• Aim of the task: Give the lines below again exactly, starting with the line that holds "-画像やメール、iMessage、を介して PDF ファイルとして送信" and going on through the line that holds "(Центр развития компетенций".

• Provided entries:

━━━

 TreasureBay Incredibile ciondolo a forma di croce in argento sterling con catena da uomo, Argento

━━━

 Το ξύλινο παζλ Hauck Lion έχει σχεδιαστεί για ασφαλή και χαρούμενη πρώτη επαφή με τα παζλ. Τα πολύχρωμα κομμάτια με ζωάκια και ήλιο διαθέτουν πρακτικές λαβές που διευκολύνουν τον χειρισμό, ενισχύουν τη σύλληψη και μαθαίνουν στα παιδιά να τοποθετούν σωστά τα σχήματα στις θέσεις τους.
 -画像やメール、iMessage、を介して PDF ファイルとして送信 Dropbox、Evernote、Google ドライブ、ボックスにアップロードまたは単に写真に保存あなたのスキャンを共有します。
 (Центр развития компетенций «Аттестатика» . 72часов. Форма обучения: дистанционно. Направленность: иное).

━━━

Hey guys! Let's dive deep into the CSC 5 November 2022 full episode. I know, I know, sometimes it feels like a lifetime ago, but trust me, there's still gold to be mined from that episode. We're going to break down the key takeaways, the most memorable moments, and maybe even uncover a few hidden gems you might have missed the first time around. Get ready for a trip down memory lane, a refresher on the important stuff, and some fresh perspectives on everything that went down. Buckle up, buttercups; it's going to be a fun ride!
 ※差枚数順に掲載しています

━━━

• Your response:
 -画像やメール、iMessage、を介して PDF ファイルとして送信 Dropbox、Evernote、Google ドライブ、ボックスにアップロードまたは単に写真に保存あなたのスキャンを共有します。
 (Центр развития компетенций «Аттестатика» . 72часов. Форма обучения: дистанционно. Направленность: иное).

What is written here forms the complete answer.